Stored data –
===

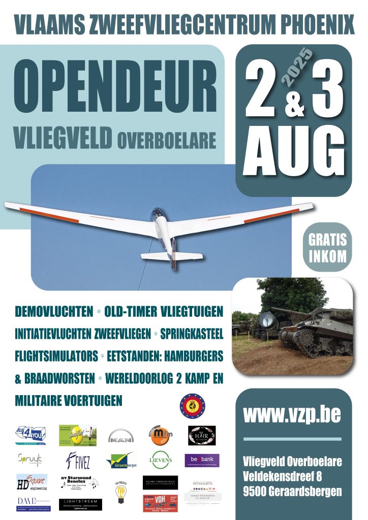 22 juli 2025Vlaams zweefvliegcentrum Phoenix Jaarlijks opendeur weekend 2 & 3 augustus 2025 van 10:00 tot 19:00 Veldekensdreef 8, 9500 Geraardsbergen *…
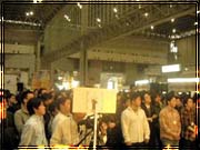 で、まあ、しばらくは同じような混雑が続くわけですが、3時前にまたまたステージ前に激しい行列が!!これは突如、宮本様がモニターの向うから貞子のように出現した!という訳ではなく、3:30のアイマスラストショーにむけて、投票用紙というものを配布するのが3時だったからです。
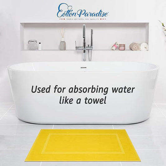 Cotton Paradise 100% Cotton Bath Mats for Bathroom Floor Set of 2 Pack, 20x34 Soft Absorbent Washable Quick Dry Tub Bathmat, Yellow Towel Bath Mat
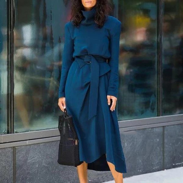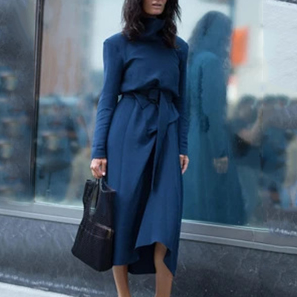 Elegant Solid Color Long Sleeve Turtleneck Dress with Waist Strap
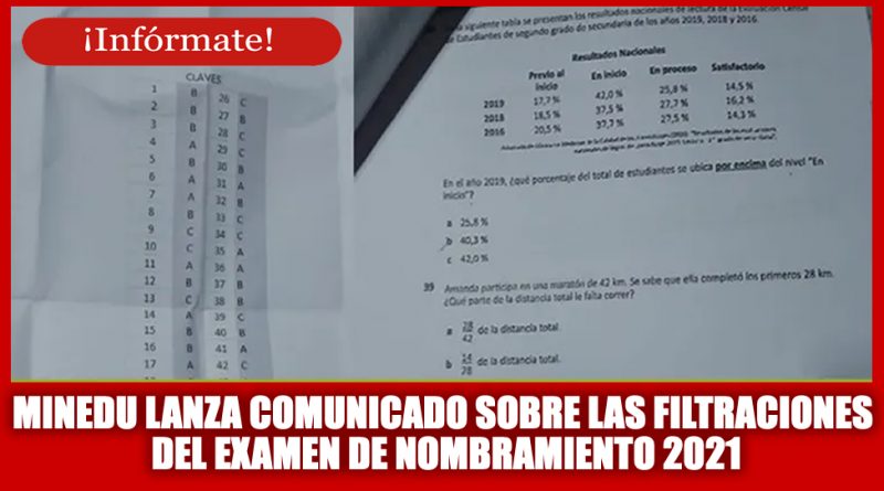 ActualidadDocentesNombramiento DocenteNOTICIAS 18 noviembre, 2021 Somos Docentes MINEDU: Lanza comunicado sobre la filtración del examen de nombramiento 2021 [Mas información aquí] Read More
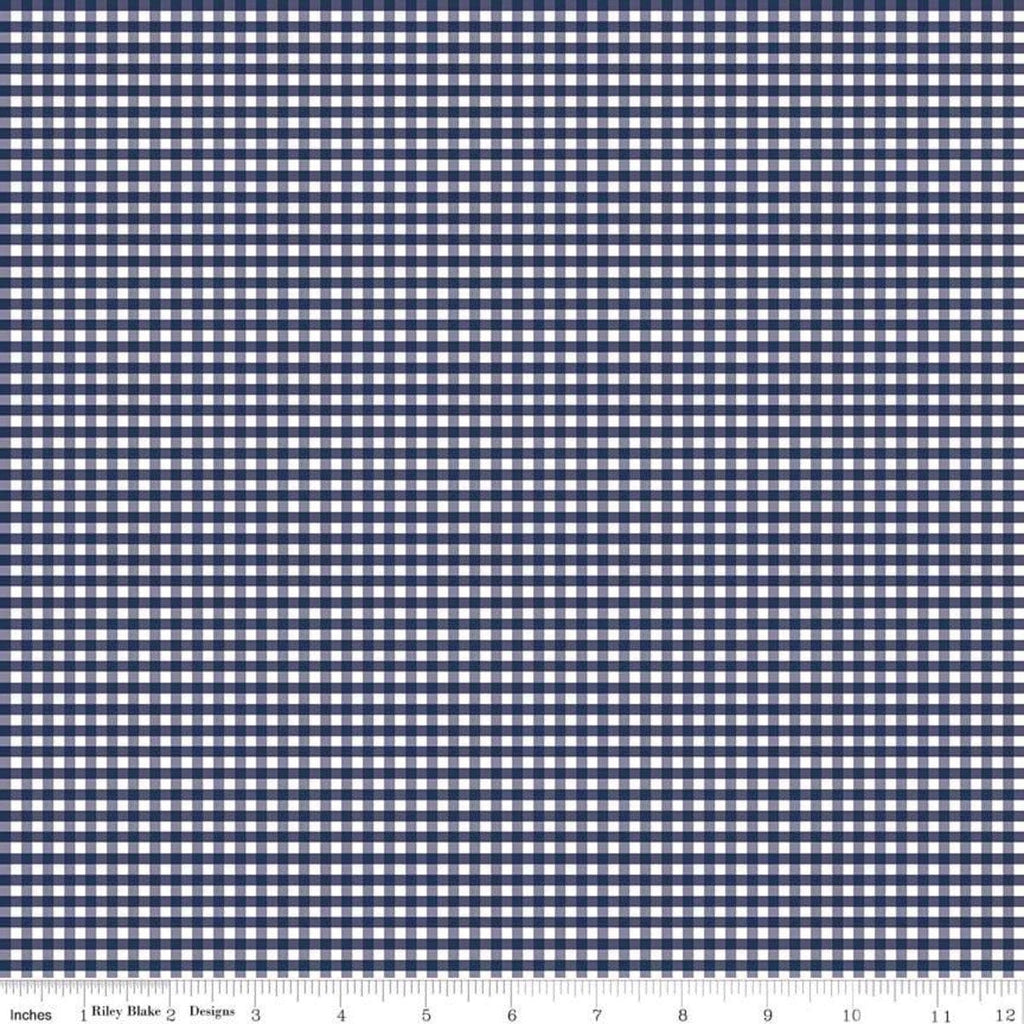 SALE Navy and White 1/8" Eighth Inch Small PRINTED Gingham - Riley Blake Designs - Blue Checker - Quilting Cotton Fabric
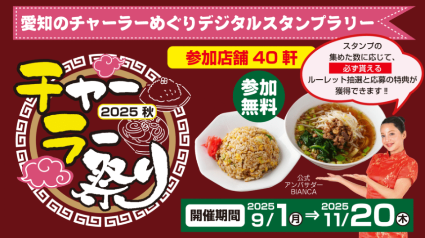 【免責事項】当Webサイトに掲載しているスタンプラリー情報は主催者の提供する情報をもとにしており、当協会において内容を保証するものではございません。掲載内容の不備による損害等については責任を負いかねます。また当Webサイトに掲載の情報やURLは予告なしに変更または中止されることがあります。「チャーラー祭り 2025 秋」に関するお問い合わせは、当協会ではなく開催団体までお願いいたします。

===

Activity –
Reproduce exactly the lines from the one containing "ActualidadDocentesNombramiento DocenteNOTICIAS 18" through the last line of the records, both included, leaving out every picture.

Response area –
 ActualidadDocentesNombramiento DocenteNOTICIAS 18 noviembre, 2021 Somos Docentes MINEDU: Lanza comunicado sobre la filtración del examen de nombramiento 2021 [Mas información aquí] Read More
 SALE Navy and White 1/8" Eighth Inch Small PRINTED Gingham - Riley Blake Designs - Blue Checker - Quilting Cotton Fabric
 【免責事項】当Webサイトに掲載しているスタンプラリー情報は主催者の提供する情報をもとにしており、当協会において内容を保証するものではございません。掲載内容の不備による損害等については責任を負いかねます。また当Webサイトに掲載の情報やURLは予告なしに変更または中止されることがあります。「チャーラー祭り 2025 秋」に関するお問い合わせは、当協会ではなく開催団体までお願いいたします。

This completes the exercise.